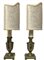 Coppia di piccoli lumi in bronzo dorato a forma di anfore, con ventole, XIX secolo. H cm 40.
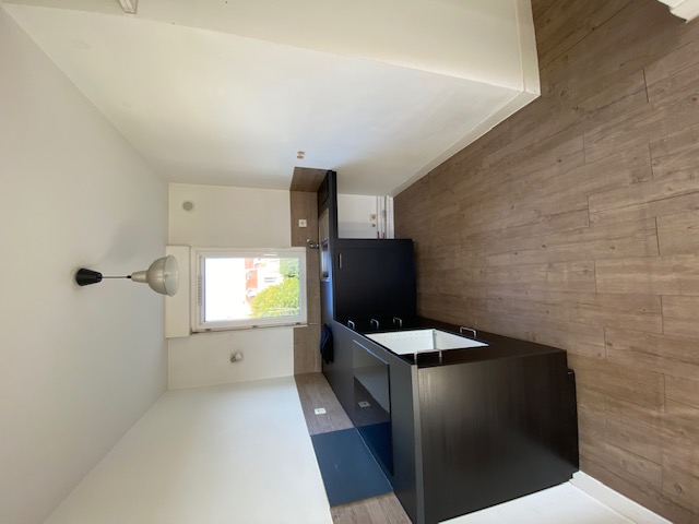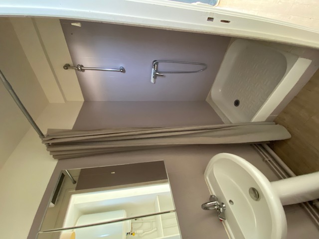 Vous disposez d’une petite entrée avec rangement, d’une pièce principale (16 m²) avec 2 fenêtres sur jardin, d’une cuisine ouverte aménagée, d’une salle d’eau avec W.C
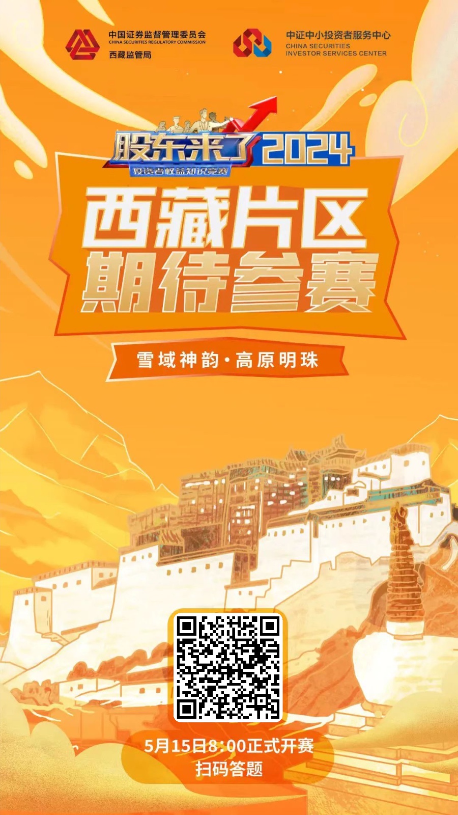 由中证中小投资者服务中心主办,上海、江苏、西藏、深圳证监局联办的《股东来了》-2024投资者权益保护知识竞赛活动于5月15日正式启动。本次活动采用网络答题方式,分设上海、江苏、西藏、深圳四大片区,扫描下图二维码即可参与“西藏赛区”答题活动,请全体同仁踊跃注册并积极参与。
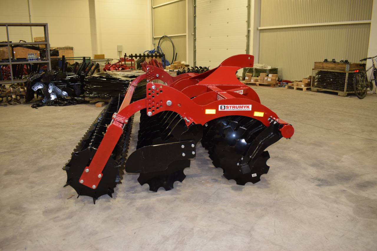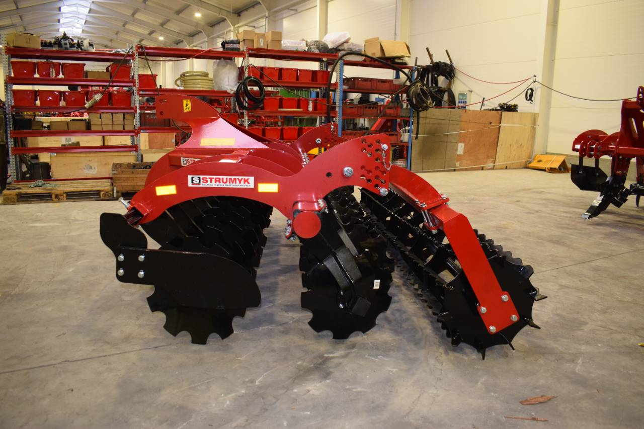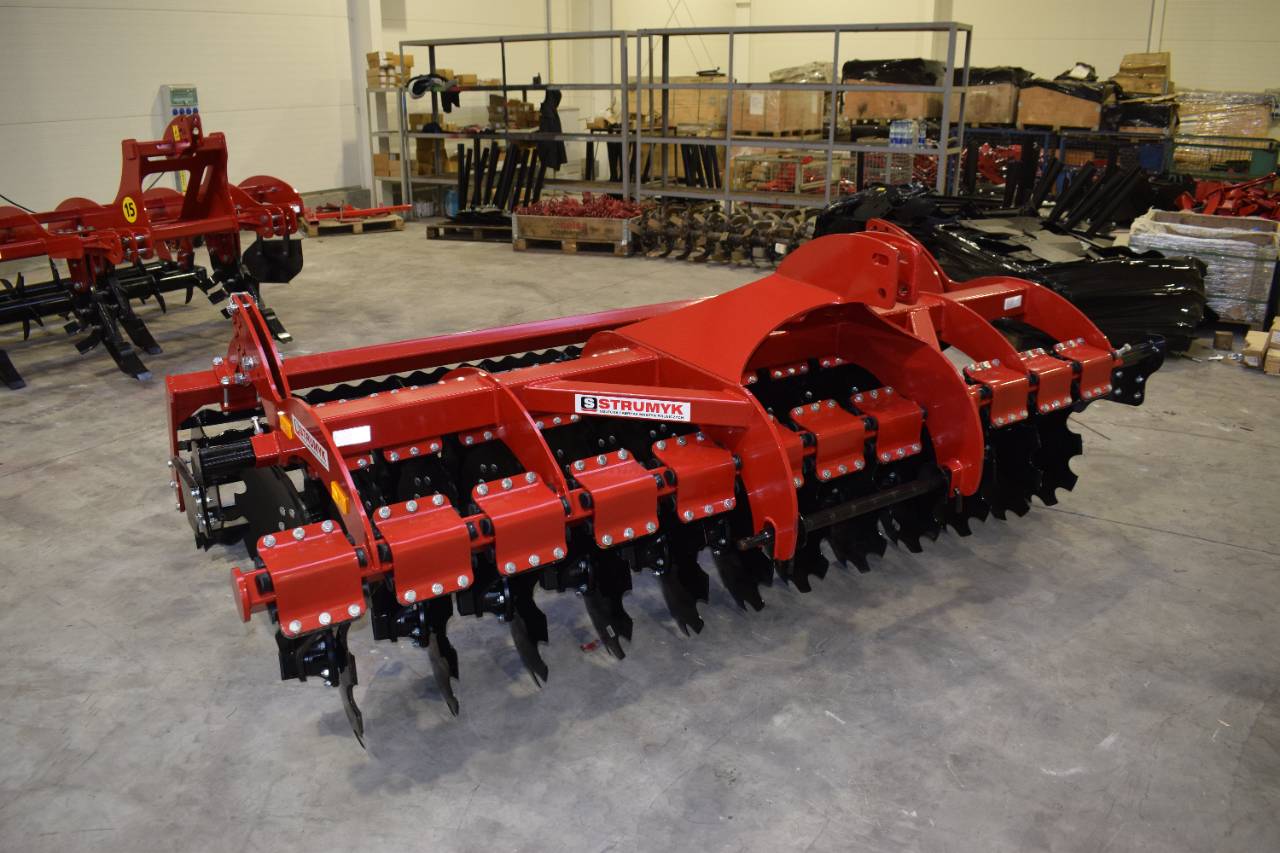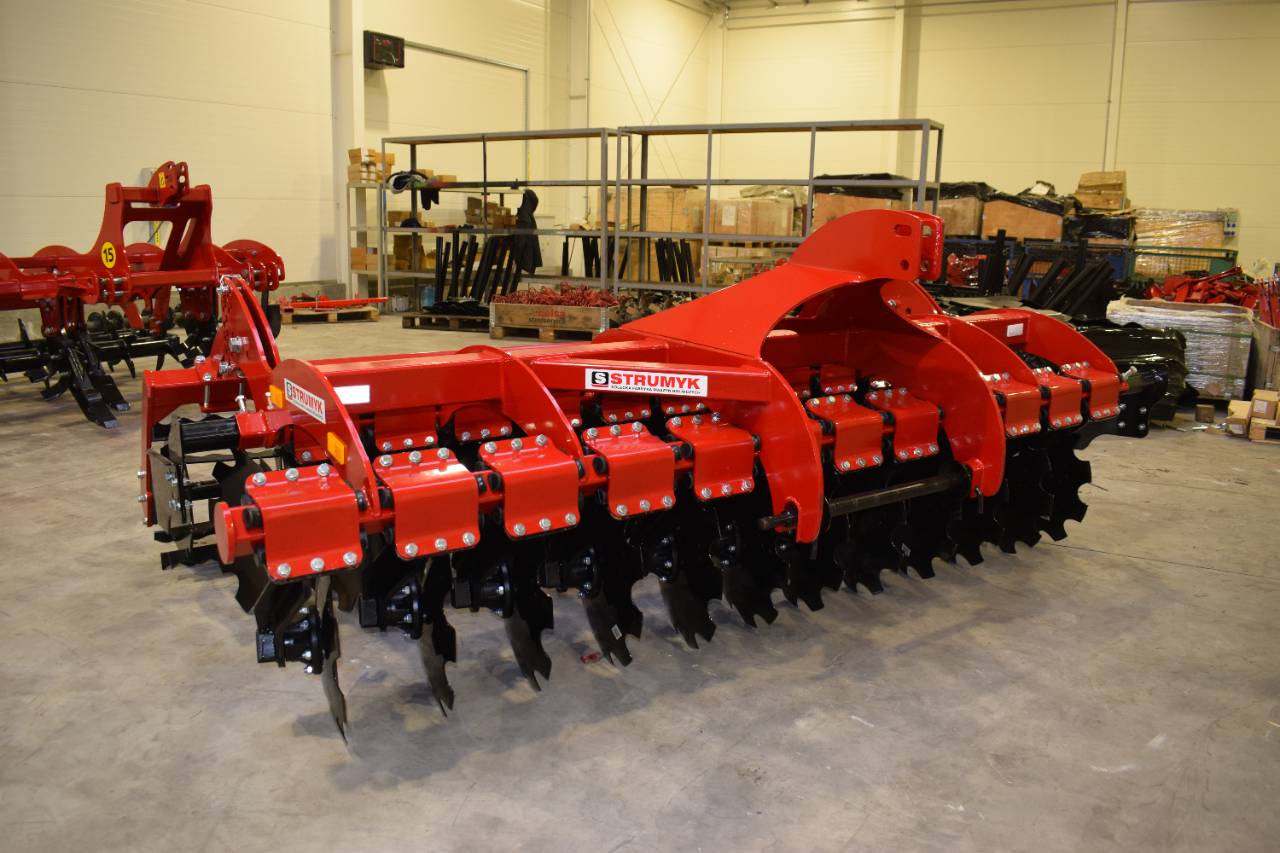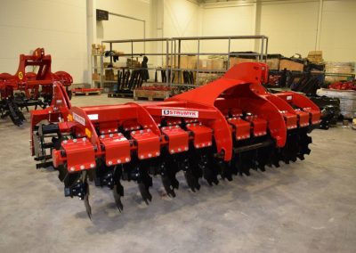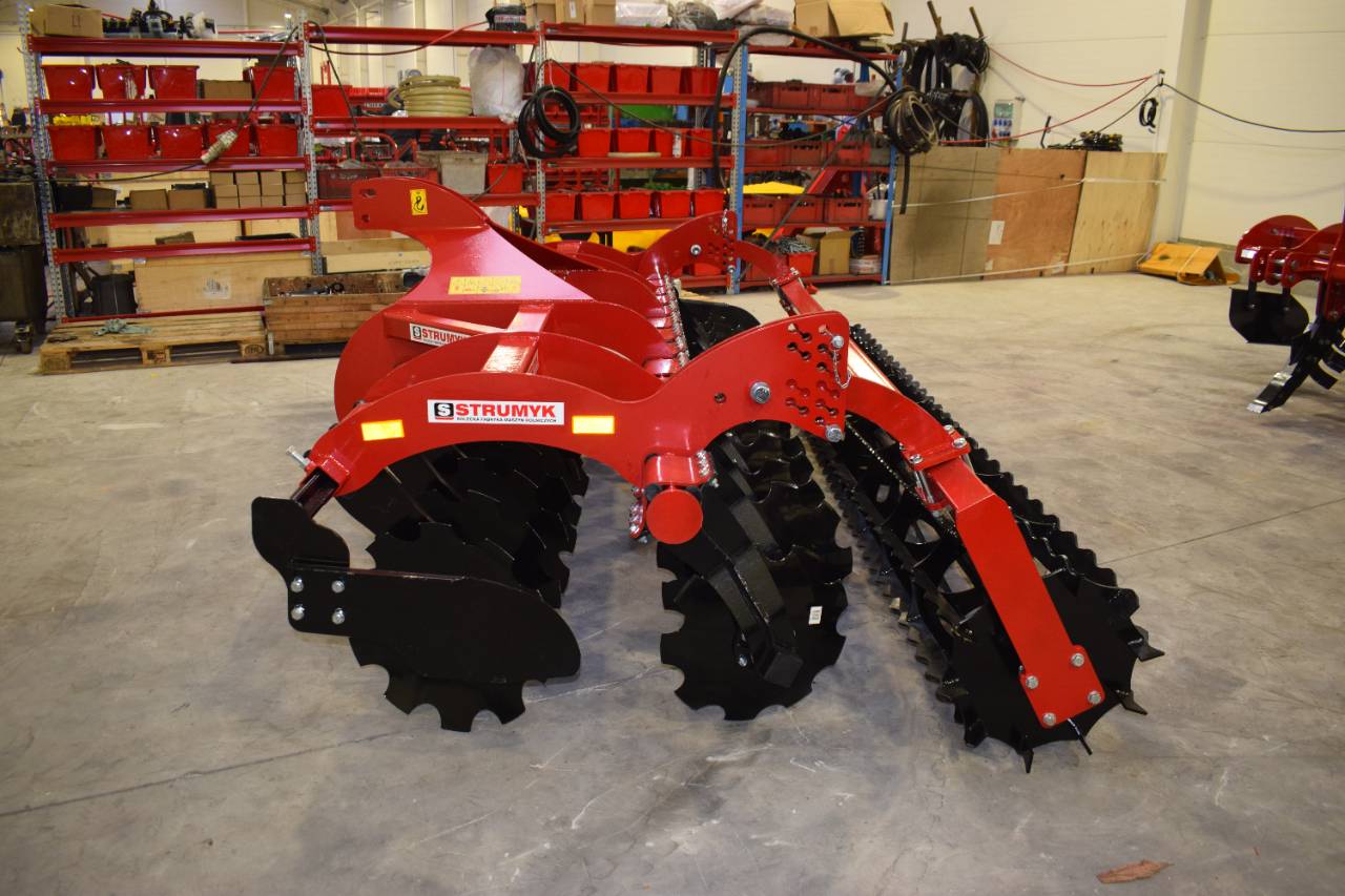 The shock-absorption system, which uses rubber rollers, improves working comfort and protects the working parts from overload. The precise disc spacing ensures that crop residues are mixed evenly and the soil is thoroughly loosened.

— Exercise aim —
Exclude all images and return the listing word for word.

— Reply —
 Coppia di piccoli lumi in bronzo dorato a forma di anfore, con ventole, XIX secolo. H cm 40.
 Vous disposez d’une petite entrée avec rangement, d’une pièce principale (16 m²) avec 2 fenêtres sur jardin, d’une cuisine ouverte aménagée, d’une salle d’eau avec W.C
 由中证中小投资者服务中心主办,上海、江苏、西藏、深圳证监局联办的《股东来了》-2024投资者权益保护知识竞赛活动于5月15日正式启动。本次活动采用网络答题方式,分设上海、江苏、西藏、深圳四大片区,扫描下图二维码即可参与“西藏赛区”答题活动,请全体同仁踊跃注册并积极参与。
 The shock-absorption system, which uses rubber rollers, improves working comfort and protects the working parts from overload. The precise disc spacing ensures that crop residues are mixed evenly and the soil is thoroughly loosened.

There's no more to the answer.